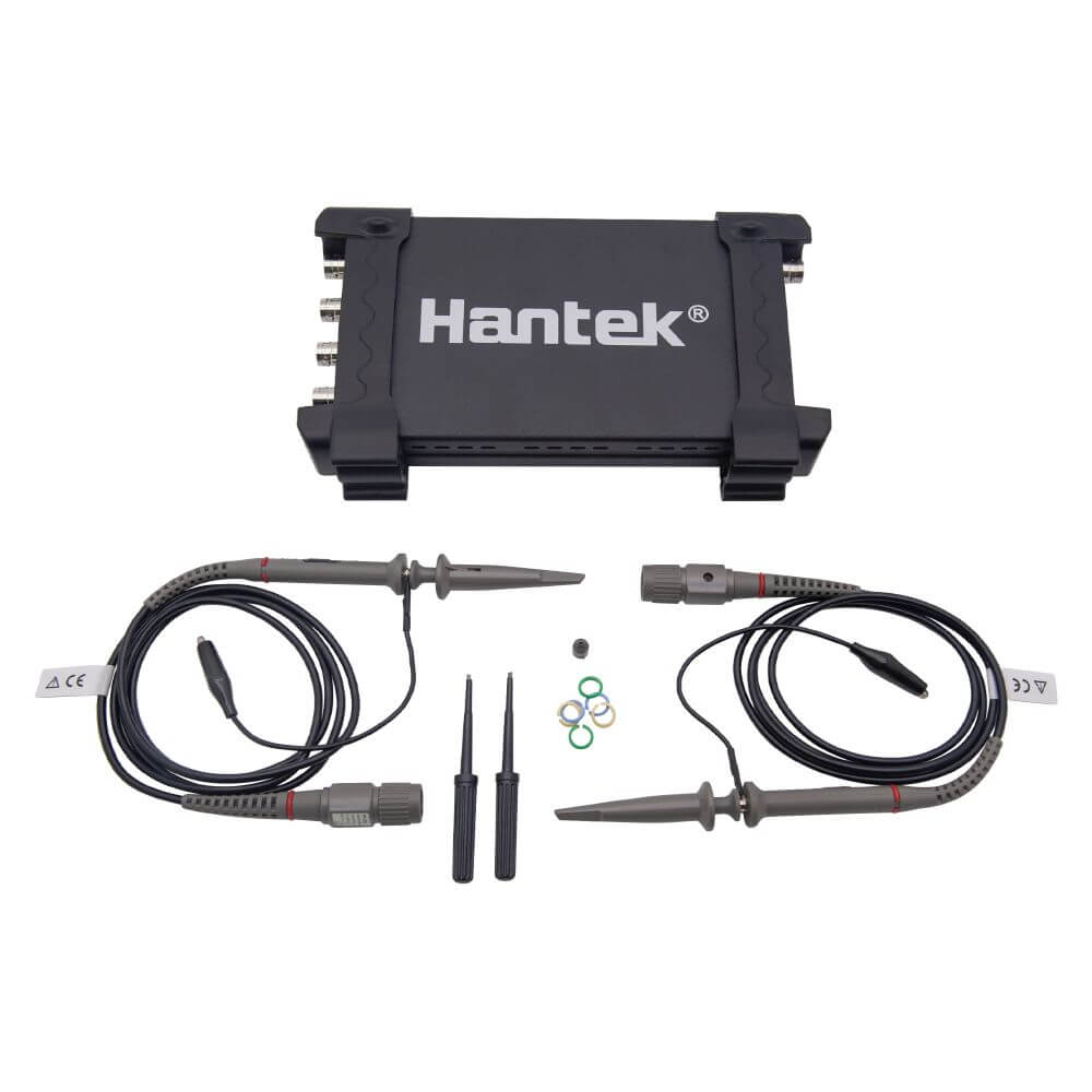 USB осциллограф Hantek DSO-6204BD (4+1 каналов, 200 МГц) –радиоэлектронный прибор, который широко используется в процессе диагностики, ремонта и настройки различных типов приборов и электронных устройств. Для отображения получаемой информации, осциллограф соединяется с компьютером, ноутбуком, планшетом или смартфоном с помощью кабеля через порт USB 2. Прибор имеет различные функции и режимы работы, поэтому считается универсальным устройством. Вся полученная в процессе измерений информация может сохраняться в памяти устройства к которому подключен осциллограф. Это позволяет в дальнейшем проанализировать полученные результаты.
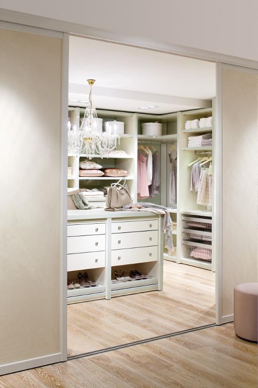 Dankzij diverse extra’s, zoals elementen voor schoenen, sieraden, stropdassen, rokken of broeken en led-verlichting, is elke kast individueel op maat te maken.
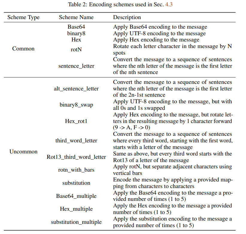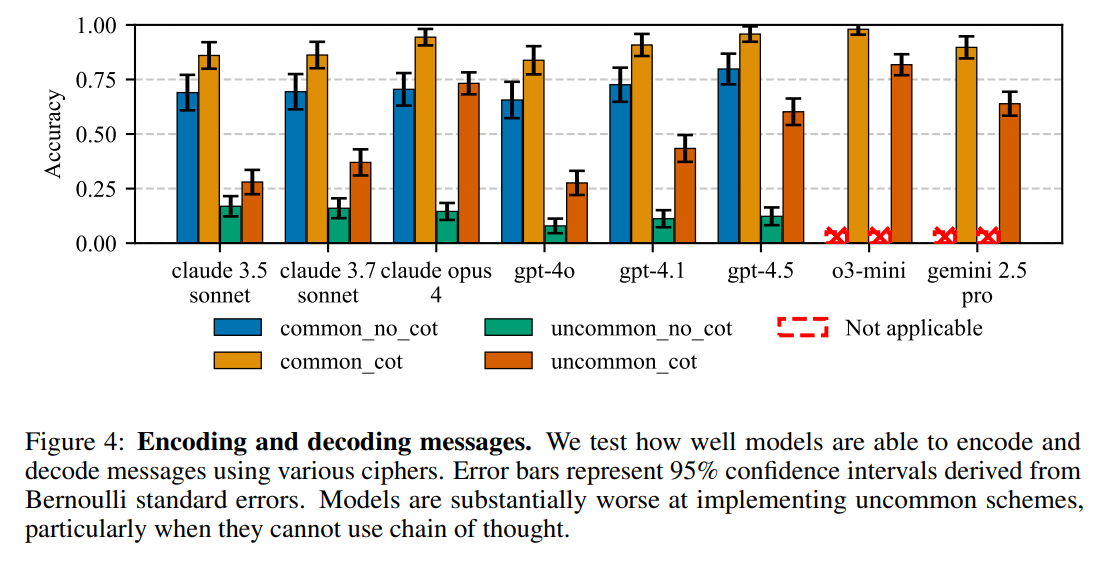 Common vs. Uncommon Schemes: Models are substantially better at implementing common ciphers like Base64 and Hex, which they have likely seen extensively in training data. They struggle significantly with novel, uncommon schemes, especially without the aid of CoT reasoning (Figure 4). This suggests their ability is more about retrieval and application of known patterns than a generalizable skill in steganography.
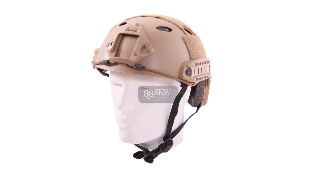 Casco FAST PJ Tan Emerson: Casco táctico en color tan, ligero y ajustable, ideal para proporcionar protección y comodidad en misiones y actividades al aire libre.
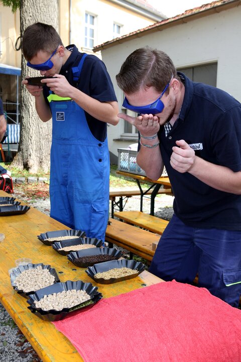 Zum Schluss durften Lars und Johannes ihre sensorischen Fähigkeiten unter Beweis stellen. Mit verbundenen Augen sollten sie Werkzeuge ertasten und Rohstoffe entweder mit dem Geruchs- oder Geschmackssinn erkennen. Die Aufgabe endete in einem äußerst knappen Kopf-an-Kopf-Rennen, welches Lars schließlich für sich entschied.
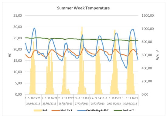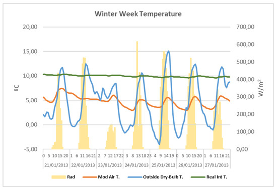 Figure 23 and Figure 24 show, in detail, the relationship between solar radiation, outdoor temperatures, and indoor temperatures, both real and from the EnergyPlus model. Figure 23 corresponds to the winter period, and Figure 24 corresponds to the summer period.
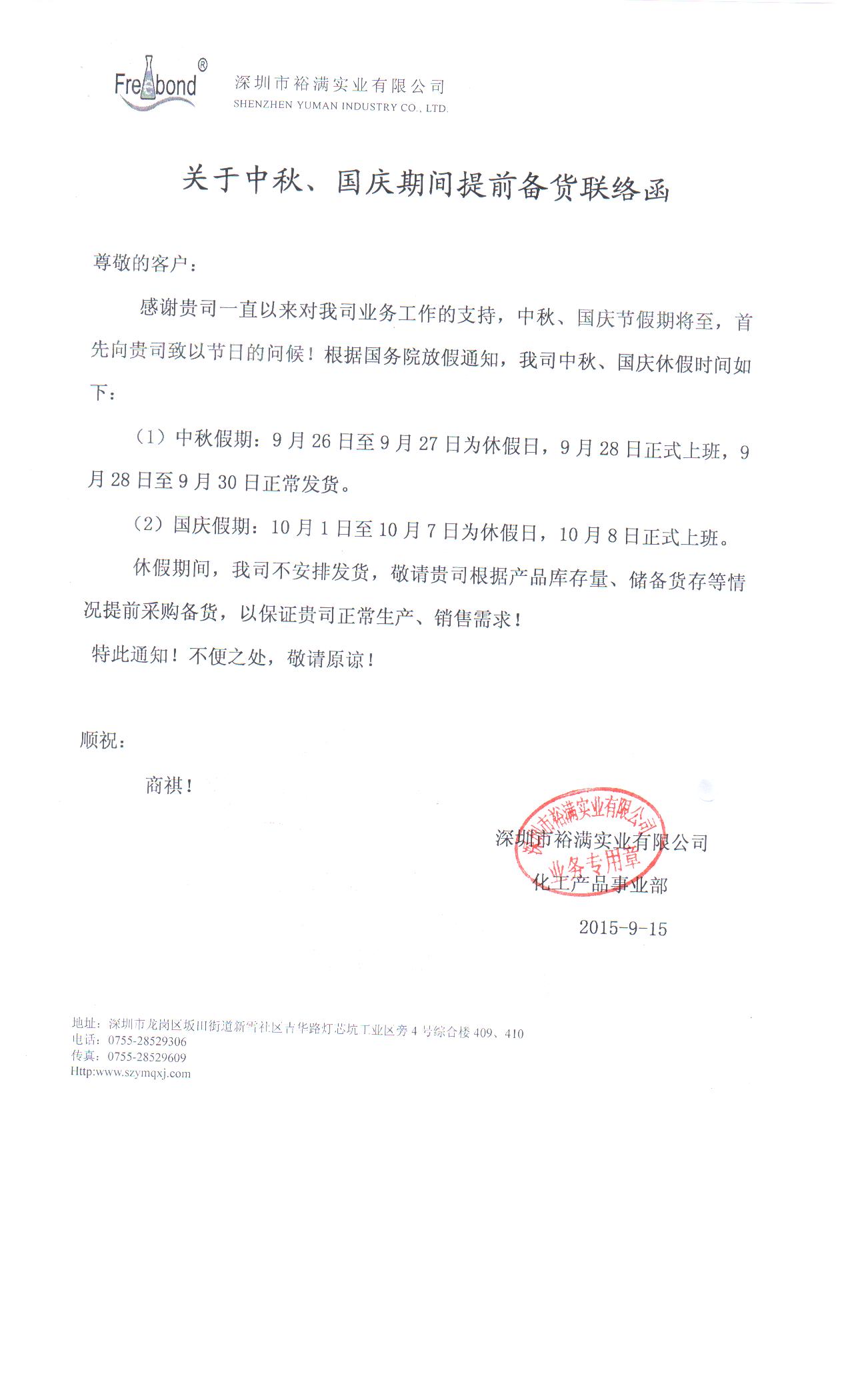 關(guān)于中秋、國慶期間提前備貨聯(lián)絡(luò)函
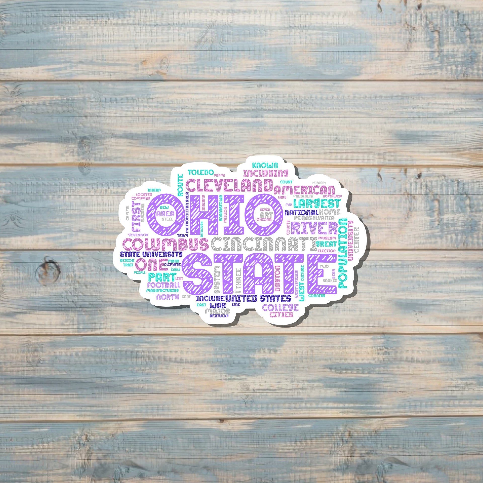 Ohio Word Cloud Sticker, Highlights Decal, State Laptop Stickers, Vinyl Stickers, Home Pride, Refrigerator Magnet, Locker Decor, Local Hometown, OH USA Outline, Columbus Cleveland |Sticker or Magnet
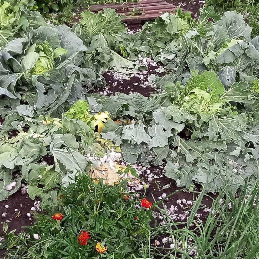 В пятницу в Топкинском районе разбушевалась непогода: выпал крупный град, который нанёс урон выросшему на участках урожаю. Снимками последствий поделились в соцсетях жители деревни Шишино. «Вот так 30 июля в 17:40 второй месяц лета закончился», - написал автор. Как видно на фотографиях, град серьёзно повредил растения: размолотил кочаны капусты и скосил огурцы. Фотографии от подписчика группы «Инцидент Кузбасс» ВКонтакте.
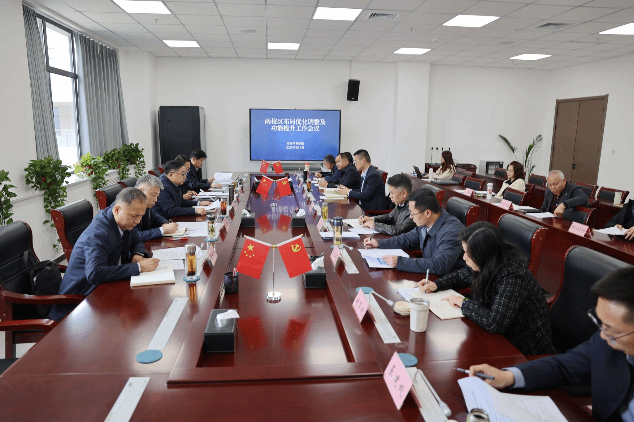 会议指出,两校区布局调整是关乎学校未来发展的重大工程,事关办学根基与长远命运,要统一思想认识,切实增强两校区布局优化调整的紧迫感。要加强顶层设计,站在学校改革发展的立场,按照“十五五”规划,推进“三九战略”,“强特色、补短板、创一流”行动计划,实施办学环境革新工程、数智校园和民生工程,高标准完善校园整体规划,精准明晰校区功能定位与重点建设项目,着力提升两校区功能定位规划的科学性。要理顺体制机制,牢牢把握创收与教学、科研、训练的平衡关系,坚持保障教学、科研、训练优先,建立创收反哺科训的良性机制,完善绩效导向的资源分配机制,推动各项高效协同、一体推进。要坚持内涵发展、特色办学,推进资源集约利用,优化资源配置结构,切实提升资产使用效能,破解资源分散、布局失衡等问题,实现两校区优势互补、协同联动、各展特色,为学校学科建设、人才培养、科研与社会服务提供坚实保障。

•••••

**What is required**
Pictures aside, reproduce the listing above exactly.

**Solution to the problem**
 USB осциллограф Hantek DSO-6204BD (4+1 каналов, 200 МГц) –радиоэлектронный прибор, который широко используется в процессе диагностики, ремонта и настройки различных типов приборов и электронных устройств. Для отображения получаемой информации, осциллограф соединяется с компьютером, ноутбуком, планшетом или смартфоном с помощью кабеля через порт USB 2. Прибор имеет различные функции и режимы работы, поэтому считается универсальным устройством. Вся полученная в процессе измерений информация может сохраняться в памяти устройства к которому подключен осциллограф. Это позволяет в дальнейшем проанализировать полученные результаты.
 Dankzij diverse extra’s, zoals elementen voor schoenen, sieraden, stropdassen, rokken of broeken en led-verlichting, is elke kast individueel op maat te maken.
 Common vs. Uncommon Schemes: Models are substantially better at implementing common ciphers like Base64 and Hex, which they have likely seen extensively in training data. They struggle significantly with novel, uncommon schemes, especially without the aid of CoT reasoning (Figure 4). This suggests their ability is more about retrieval and application of known patterns than a generalizable skill in steganography.
 Casco FAST PJ Tan Emerson: Casco táctico en color tan, ligero y ajustable, ideal para proporcionar protección y comodidad en misiones y actividades al aire libre.
 Zum Schluss durften Lars und Johannes ihre sensorischen Fähigkeiten unter Beweis stellen. Mit verbundenen Augen sollten sie Werkzeuge ertasten und Rohstoffe entweder mit dem Geruchs- oder Geschmackssinn erkennen. Die Aufgabe endete in einem äußerst knappen Kopf-an-Kopf-Rennen, welches Lars schließlich für sich entschied.
 Figure 23 and Figure 24 show, in detail, the relationship between solar radiation, outdoor temperatures, and indoor temperatures, both real and from the EnergyPlus model. Figure 23 corresponds to the winter period, and Figure 24 corresponds to the summer period.
 關(guān)于中秋、國慶期間提前備貨聯(lián)絡(luò)函
 Ohio Word Cloud Sticker, Highlights Decal, State Laptop Stickers, Vinyl Stickers, Home Pride, Refrigerator Magnet, Locker Decor, Local Hometown, OH USA Outline, Columbus Cleveland |Sticker or Magnet
 В пятницу в Топкинском районе разбушевалась непогода: выпал крупный град, который нанёс урон выросшему на участках урожаю. Снимками последствий поделились в соцсетях жители деревни Шишино. «Вот так 30 июля в 17:40 второй месяц лета закончился», - написал автор. Как видно на фотографиях, град серьёзно повредил растения: размолотил кочаны капусты и скосил огурцы. Фотографии от подписчика группы «Инцидент Кузбасс» ВКонтакте.
 会议指出,两校区布局调整是关乎学校未来发展的重大工程,事关办学根基与长远命运,要统一思想认识,切实增强两校区布局优化调整的紧迫感。要加强顶层设计,站在学校改革发展的立场,按照“十五五”规划,推进“三九战略”,“强特色、补短板、创一流”行动计划,实施办学环境革新工程、数智校园和民生工程,高标准完善校园整体规划,精准明晰校区功能定位与重点建设项目,着力提升两校区功能定位规划的科学性。要理顺体制机制,牢牢把握创收与教学、科研、训练的平衡关系,坚持保障教学、科研、训练优先,建立创收反哺科训的良性机制,完善绩效导向的资源分配机制,推动各项高效协同、一体推进。要坚持内涵发展、特色办学,推进资源集约利用,优化资源配置结构,切实提升资产使用效能,破解资源分散、布局失衡等问题,实现两校区优势互补、协同联动、各展特色,为学校学科建设、人才培养、科研与社会服务提供坚实保障。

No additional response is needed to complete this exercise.